==== DATA SUPPLIED

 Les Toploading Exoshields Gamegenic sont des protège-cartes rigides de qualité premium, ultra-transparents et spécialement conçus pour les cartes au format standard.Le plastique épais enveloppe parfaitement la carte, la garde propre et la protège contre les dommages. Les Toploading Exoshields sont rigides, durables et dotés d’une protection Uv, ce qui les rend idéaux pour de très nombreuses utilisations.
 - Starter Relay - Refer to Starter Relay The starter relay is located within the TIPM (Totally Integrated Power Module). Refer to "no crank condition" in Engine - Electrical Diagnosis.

========
==== DATA SUPPLIED

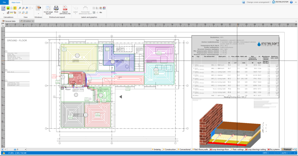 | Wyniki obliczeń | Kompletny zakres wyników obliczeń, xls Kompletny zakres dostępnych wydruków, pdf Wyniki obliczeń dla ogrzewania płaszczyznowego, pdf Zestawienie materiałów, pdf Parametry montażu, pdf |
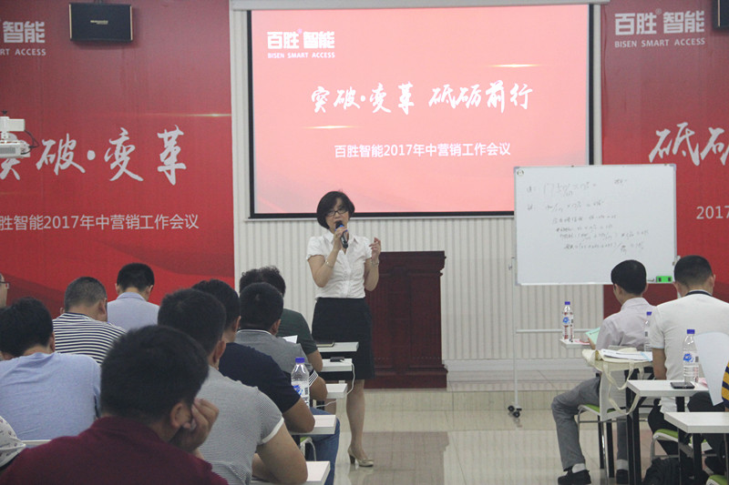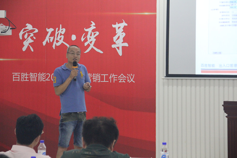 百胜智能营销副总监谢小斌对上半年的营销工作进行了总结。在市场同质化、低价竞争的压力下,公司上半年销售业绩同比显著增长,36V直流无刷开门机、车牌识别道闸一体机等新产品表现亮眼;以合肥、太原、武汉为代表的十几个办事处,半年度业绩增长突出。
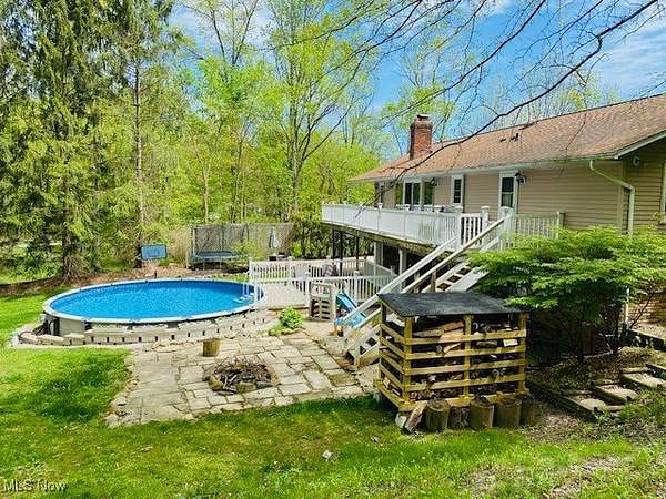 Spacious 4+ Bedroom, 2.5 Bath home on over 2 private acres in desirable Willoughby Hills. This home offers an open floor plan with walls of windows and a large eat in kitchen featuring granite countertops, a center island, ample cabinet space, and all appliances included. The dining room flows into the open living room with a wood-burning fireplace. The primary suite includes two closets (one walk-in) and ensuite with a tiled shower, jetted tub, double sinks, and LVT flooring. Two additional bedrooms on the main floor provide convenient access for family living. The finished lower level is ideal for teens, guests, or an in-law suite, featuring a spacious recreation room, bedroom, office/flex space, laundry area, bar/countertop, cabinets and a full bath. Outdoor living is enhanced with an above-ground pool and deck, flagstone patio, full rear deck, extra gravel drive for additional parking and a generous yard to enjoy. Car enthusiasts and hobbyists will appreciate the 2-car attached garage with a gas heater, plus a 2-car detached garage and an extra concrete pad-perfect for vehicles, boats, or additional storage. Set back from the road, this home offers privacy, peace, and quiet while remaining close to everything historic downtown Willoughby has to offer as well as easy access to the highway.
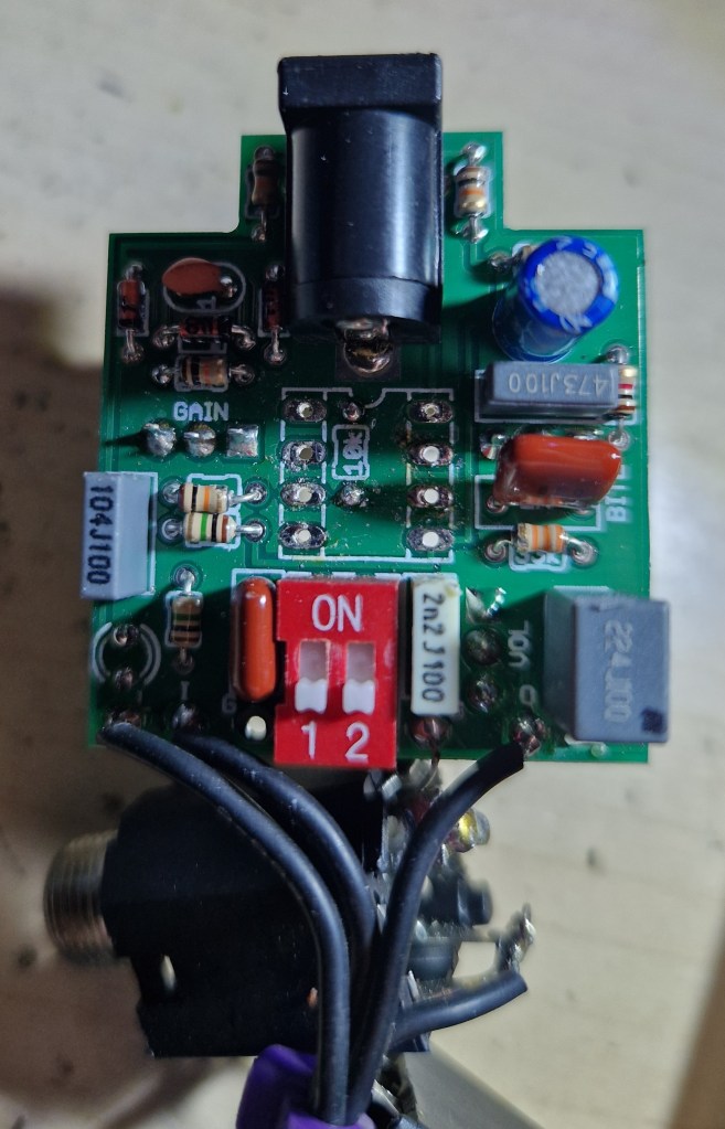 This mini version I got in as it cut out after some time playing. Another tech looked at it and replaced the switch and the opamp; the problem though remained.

========

**GOAL OF THE EXERCISE**.
Give again the stretch of lines above from the one with "montażu, pdf |" through the one with "百胜智能营销副总监谢小斌对上", both ends kept, and copy no pictures.

**RESULT**.
 | Wyniki obliczeń | Kompletny zakres wyników obliczeń, xls Kompletny zakres dostępnych wydruków, pdf Wyniki obliczeń dla ogrzewania płaszczyznowego, pdf Zestawienie materiałów, pdf Parametry montażu, pdf |
 百胜智能营销副总监谢小斌对上半年的营销工作进行了总结。在市场同质化、低价竞争的压力下,公司上半年销售业绩同比显著增长,36V直流无刷开门机、车牌识别道闸一体机等新产品表现亮眼;以合肥、太原、武汉为代表的十几个办事处,半年度业绩增长突出。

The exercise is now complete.